With the pictures left out, retype exactly the lines below starting at the line that contains "Synagogue of Ratibor" and ending at the line that contains "Soyuz 3 insignia".

◆ Listed entries
_____

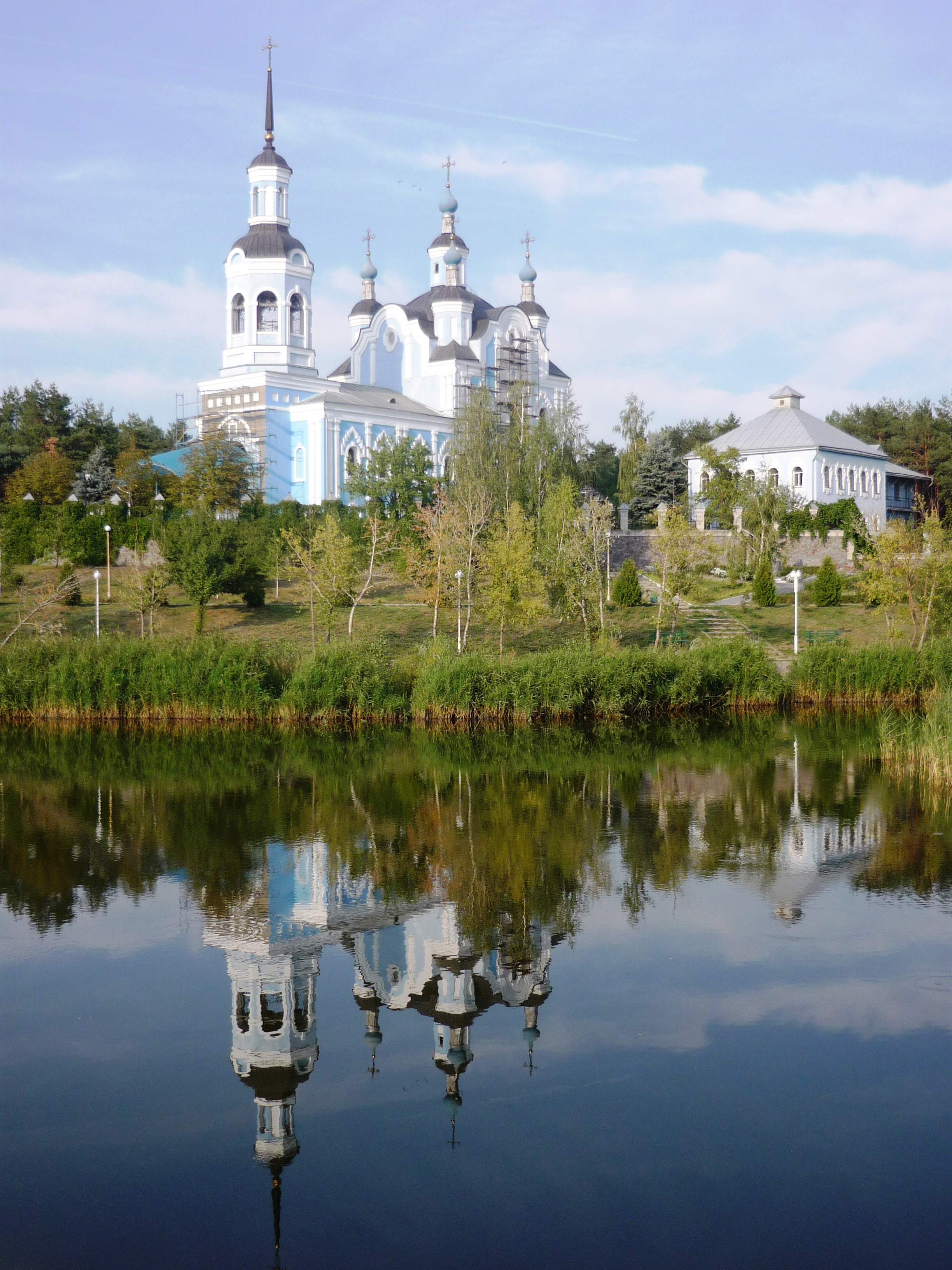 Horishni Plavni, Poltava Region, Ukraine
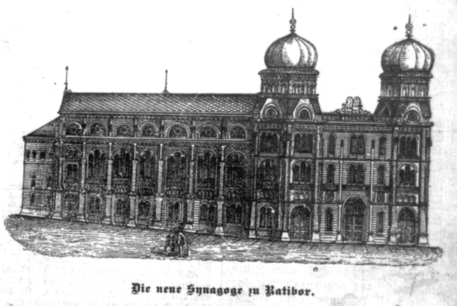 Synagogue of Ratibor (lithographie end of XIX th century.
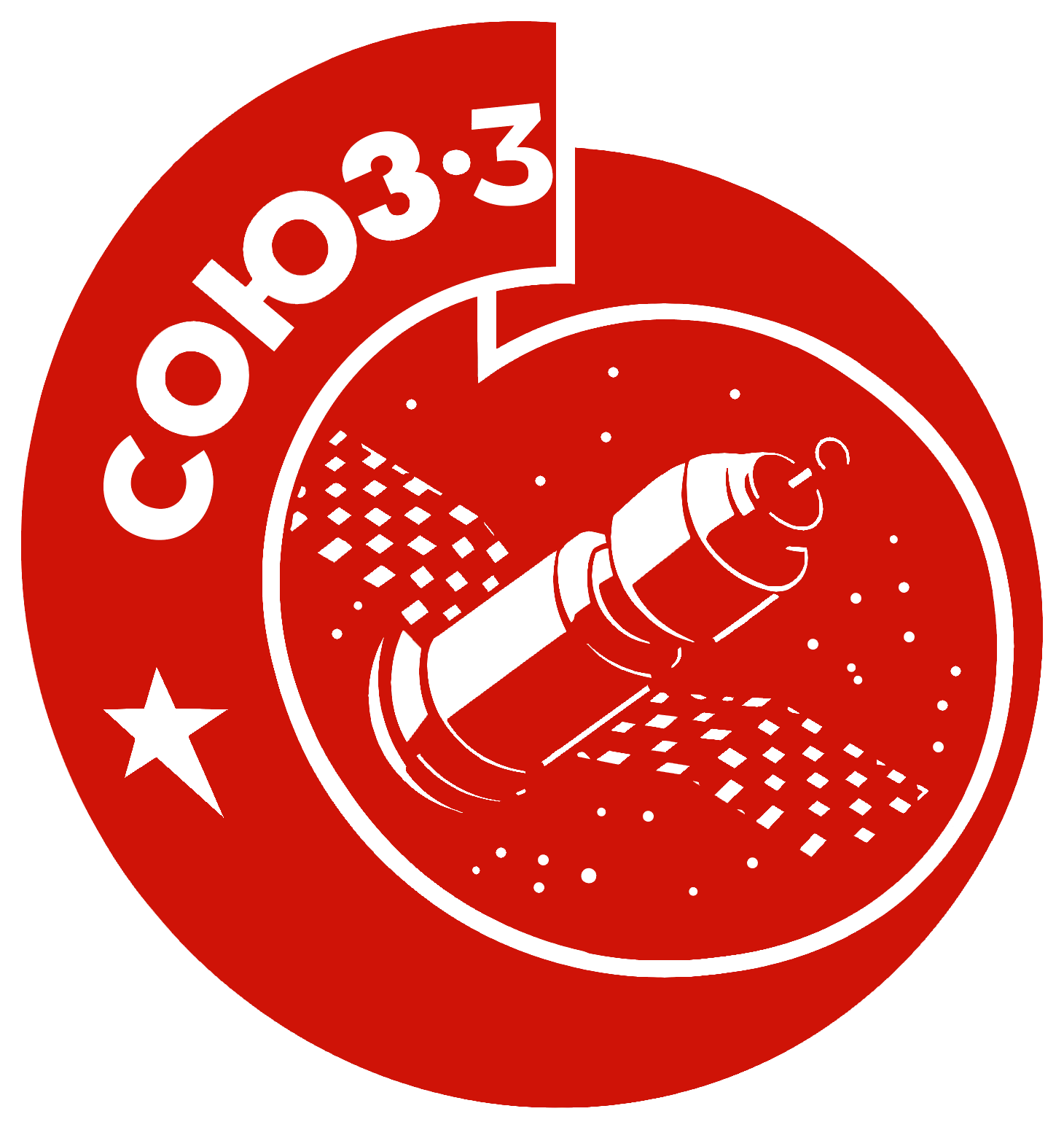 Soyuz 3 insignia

_____

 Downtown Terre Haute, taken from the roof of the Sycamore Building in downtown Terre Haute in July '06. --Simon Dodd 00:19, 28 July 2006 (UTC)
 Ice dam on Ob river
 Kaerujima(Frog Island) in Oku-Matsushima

_____

◆ Task solution
 Synagogue of Ratibor (lithographie end of XIX th century.
 Soyuz 3 insignia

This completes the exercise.